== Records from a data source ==
○ ○ ○ ○ ○
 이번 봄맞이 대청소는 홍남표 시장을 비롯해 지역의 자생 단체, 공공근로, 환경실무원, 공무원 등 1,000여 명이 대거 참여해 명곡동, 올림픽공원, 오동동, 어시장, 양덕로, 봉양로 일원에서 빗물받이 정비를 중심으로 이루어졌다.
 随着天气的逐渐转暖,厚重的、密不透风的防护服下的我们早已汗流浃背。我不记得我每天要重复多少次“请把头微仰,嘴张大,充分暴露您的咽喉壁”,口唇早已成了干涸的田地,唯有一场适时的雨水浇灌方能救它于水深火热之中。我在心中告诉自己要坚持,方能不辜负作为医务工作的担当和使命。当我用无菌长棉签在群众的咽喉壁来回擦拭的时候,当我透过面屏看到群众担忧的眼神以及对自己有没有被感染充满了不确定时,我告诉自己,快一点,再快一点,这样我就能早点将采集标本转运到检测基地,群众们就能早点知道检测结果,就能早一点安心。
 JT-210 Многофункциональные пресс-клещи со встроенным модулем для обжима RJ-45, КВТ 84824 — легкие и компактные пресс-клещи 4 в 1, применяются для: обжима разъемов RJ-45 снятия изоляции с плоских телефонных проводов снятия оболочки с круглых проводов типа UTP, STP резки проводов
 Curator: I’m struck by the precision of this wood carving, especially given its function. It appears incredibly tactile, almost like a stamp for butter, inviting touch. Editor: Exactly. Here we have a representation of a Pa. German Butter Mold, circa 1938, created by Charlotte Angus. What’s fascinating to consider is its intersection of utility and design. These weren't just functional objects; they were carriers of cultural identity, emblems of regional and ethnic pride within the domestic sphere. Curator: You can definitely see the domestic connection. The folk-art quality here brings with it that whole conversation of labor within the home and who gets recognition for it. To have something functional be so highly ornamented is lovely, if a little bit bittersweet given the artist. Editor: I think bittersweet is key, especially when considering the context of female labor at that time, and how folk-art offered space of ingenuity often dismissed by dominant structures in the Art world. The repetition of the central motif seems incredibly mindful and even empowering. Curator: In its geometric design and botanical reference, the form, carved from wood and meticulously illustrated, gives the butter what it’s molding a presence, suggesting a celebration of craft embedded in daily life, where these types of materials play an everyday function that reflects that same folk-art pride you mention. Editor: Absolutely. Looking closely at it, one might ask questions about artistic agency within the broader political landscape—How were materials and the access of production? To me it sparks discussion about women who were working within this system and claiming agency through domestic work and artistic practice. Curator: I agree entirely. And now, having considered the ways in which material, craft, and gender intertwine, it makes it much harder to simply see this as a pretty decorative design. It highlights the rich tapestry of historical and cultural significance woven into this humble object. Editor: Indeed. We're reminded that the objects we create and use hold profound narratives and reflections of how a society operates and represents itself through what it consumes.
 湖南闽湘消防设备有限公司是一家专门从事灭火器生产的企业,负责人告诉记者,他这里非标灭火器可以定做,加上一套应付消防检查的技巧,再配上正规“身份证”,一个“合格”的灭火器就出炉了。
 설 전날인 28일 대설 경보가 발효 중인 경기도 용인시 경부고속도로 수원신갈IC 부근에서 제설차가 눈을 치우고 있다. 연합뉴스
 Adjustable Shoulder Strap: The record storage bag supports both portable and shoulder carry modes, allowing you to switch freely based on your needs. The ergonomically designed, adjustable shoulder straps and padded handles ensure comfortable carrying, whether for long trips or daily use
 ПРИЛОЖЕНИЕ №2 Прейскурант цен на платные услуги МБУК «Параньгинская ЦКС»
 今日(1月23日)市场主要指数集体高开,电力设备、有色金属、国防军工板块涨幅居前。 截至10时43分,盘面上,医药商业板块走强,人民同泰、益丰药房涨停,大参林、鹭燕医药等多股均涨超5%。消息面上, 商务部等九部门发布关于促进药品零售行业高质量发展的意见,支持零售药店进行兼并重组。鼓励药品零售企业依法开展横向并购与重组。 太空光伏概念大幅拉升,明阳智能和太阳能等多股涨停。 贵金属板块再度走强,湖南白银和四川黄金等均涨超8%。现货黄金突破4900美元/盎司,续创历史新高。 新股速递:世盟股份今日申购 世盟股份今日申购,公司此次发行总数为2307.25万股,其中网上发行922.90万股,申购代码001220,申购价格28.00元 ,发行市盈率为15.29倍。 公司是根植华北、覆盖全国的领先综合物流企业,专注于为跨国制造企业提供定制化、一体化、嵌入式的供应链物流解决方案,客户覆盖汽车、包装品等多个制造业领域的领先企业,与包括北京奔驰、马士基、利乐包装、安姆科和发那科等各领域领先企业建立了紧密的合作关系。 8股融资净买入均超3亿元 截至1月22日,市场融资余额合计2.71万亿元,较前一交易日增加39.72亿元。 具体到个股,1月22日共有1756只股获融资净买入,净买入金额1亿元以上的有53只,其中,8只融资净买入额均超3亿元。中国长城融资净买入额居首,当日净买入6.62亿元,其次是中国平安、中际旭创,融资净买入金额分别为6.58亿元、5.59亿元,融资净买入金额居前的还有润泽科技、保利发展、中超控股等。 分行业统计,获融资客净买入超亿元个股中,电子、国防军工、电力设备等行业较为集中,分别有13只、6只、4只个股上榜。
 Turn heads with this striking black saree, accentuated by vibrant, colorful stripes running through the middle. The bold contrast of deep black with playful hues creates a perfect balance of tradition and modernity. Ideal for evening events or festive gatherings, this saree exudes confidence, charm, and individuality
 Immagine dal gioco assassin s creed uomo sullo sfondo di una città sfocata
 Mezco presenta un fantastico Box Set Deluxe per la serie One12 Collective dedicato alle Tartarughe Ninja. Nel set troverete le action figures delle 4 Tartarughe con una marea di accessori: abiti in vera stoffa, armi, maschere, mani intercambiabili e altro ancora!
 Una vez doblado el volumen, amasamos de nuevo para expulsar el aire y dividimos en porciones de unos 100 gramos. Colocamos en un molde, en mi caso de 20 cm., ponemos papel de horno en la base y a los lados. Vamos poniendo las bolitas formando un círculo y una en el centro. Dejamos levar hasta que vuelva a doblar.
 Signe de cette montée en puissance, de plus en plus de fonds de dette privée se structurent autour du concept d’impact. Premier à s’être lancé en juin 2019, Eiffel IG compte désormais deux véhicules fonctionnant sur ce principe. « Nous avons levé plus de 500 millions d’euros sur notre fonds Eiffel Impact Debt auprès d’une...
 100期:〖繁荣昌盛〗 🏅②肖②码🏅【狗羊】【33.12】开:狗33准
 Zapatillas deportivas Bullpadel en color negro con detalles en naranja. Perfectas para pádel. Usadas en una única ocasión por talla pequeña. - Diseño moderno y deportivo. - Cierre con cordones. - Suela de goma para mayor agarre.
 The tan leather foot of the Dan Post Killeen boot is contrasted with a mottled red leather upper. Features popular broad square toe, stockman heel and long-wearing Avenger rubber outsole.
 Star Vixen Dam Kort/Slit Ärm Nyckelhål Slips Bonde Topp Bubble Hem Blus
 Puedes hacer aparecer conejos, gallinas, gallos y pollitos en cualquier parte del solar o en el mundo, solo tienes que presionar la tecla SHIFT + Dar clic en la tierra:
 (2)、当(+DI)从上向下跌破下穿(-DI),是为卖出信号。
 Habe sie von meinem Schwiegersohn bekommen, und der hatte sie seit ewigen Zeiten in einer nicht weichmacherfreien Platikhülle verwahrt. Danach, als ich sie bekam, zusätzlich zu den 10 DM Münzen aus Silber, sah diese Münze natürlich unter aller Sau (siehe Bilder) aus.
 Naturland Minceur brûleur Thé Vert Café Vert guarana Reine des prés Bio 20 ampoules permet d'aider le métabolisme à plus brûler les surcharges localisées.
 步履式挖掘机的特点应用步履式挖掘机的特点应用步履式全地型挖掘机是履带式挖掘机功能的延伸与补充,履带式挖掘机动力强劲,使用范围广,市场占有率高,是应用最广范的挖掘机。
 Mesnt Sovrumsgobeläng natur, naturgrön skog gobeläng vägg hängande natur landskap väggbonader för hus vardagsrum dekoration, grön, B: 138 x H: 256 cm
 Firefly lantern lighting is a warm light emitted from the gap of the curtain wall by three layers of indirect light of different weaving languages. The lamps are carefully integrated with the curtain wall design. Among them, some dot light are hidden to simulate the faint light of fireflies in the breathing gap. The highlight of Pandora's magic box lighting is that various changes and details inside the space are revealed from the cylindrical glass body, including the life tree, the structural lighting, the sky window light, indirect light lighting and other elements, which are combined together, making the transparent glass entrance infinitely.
○ ○ ○ ○ ○
== TASK TO COMPLETE ==
Could you return exactly the lines above from the line with "Turn heads with" to the line with "Zapatillas deportivas Bullpadel", both included, and nothing else?

== WRITTEN SOLUTION ==
 Turn heads with this striking black saree, accentuated by vibrant, colorful stripes running through the middle. The bold contrast of deep black with playful hues creates a perfect balance of tradition and modernity. Ideal for evening events or festive gatherings, this saree exudes confidence, charm, and individuality
 Immagine dal gioco assassin s creed uomo sullo sfondo di una città sfocata
 Mezco presenta un fantastico Box Set Deluxe per la serie One12 Collective dedicato alle Tartarughe Ninja. Nel set troverete le action figures delle 4 Tartarughe con una marea di accessori: abiti in vera stoffa, armi, maschere, mani intercambiabili e altro ancora!
 Una vez doblado el volumen, amasamos de nuevo para expulsar el aire y dividimos en porciones de unos 100 gramos. Colocamos en un molde, en mi caso de 20 cm., ponemos papel de horno en la base y a los lados. Vamos poniendo las bolitas formando un círculo y una en el centro. Dejamos levar hasta que vuelva a doblar.
 Signe de cette montée en puissance, de plus en plus de fonds de dette privée se structurent autour du concept d’impact. Premier à s’être lancé en juin 2019, Eiffel IG compte désormais deux véhicules fonctionnant sur ce principe. « Nous avons levé plus de 500 millions d’euros sur notre fonds Eiffel Impact Debt auprès d’une...
 100期:〖繁荣昌盛〗 🏅②肖②码🏅【狗羊】【33.12】开:狗33准
 Zapatillas deportivas Bullpadel en color negro con detalles en naranja. Perfectas para pádel. Usadas en una única ocasión por talla pequeña. - Diseño moderno y deportivo. - Cierre con cordones. - Suela de goma para mayor agarre.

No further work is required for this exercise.